__Work instructions__: Reproduce exactly the lines of the material beneath, from the line that contains "This mouse pad" to the line that contains "RT @CoeEpp: Our", both included, and no other lines.

** Opening Data block **

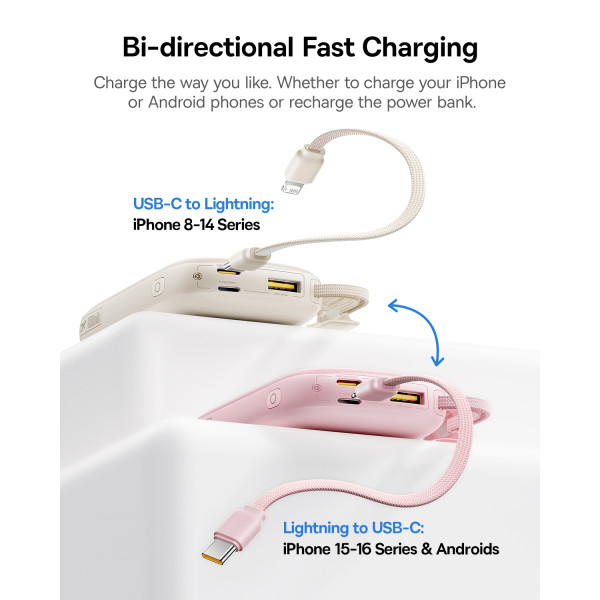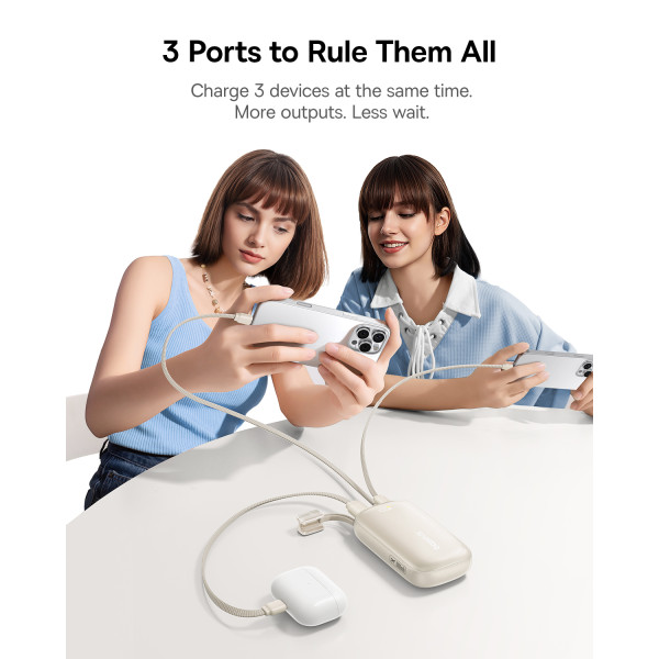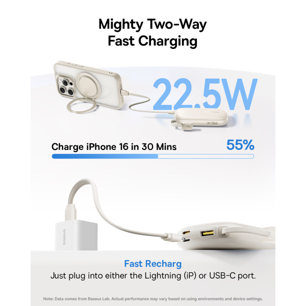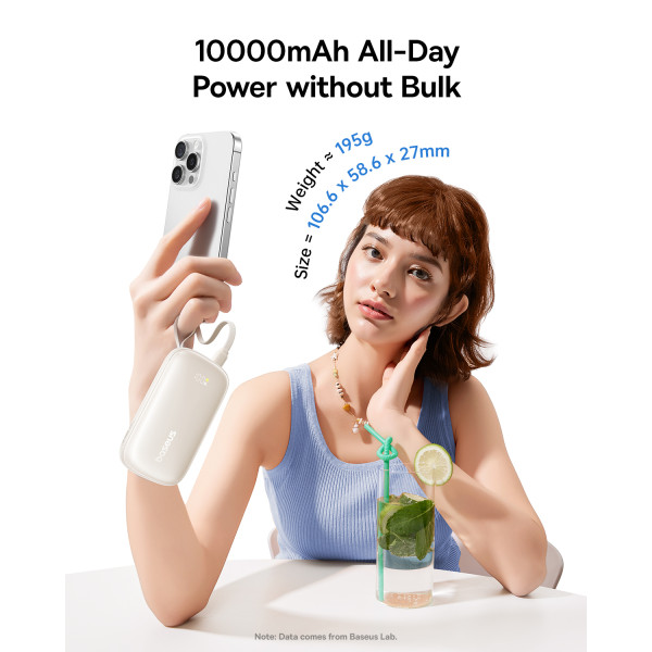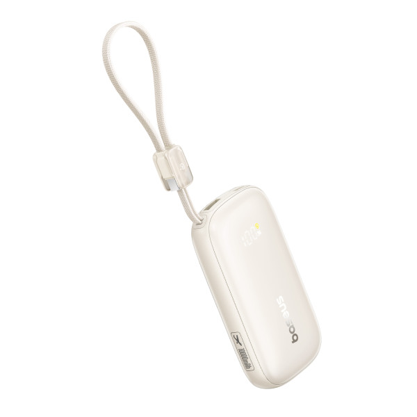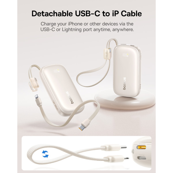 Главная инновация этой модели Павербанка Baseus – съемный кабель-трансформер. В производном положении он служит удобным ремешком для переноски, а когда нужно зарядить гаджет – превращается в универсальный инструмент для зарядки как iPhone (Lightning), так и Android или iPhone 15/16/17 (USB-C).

** Closing Data block **
** Opening Data block **

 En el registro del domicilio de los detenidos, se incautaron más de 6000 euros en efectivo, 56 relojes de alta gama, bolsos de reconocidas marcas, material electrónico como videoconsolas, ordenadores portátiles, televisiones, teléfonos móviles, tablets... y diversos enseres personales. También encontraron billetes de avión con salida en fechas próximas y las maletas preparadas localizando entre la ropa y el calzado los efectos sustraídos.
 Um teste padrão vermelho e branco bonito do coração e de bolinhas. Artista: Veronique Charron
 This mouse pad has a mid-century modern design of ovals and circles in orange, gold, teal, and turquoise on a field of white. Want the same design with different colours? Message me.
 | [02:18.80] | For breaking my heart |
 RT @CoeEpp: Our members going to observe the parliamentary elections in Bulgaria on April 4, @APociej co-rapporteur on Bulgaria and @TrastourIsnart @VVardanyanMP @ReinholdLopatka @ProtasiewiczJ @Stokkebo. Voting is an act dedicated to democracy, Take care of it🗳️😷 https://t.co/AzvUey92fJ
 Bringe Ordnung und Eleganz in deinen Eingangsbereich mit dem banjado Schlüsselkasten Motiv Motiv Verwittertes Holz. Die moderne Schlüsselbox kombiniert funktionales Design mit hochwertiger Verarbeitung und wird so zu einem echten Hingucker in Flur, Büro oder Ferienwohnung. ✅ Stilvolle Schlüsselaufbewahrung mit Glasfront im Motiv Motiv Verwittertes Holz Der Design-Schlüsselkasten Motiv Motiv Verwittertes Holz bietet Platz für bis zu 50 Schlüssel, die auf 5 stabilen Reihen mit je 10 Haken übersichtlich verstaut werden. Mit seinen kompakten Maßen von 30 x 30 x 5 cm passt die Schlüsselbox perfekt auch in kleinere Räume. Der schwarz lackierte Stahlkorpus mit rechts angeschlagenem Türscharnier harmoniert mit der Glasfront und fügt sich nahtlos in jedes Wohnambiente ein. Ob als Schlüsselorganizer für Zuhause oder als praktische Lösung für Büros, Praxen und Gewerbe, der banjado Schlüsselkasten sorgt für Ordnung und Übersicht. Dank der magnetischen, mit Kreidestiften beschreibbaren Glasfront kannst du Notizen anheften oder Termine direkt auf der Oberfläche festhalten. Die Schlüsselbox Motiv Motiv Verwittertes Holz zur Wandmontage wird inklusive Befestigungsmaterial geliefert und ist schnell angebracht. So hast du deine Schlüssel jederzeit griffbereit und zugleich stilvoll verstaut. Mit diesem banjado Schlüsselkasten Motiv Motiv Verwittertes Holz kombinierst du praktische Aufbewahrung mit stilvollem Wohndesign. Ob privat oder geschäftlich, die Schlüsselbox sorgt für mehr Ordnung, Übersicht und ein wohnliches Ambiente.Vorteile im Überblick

** Closing Data block **

__Final answer__:
 This mouse pad has a mid-century modern design of ovals and circles in orange, gold, teal, and turquoise on a field of white. Want the same design with different colours? Message me.
 | [02:18.80] | For breaking my heart |
 RT @CoeEpp: Our members going to observe the parliamentary elections in Bulgaria on April 4, @APociej co-rapporteur on Bulgaria and @TrastourIsnart @VVardanyanMP @ReinholdLopatka @ProtasiewiczJ @Stokkebo. Voting is an act dedicated to democracy, Take care of it🗳️😷 https://t.co/AzvUey92fJ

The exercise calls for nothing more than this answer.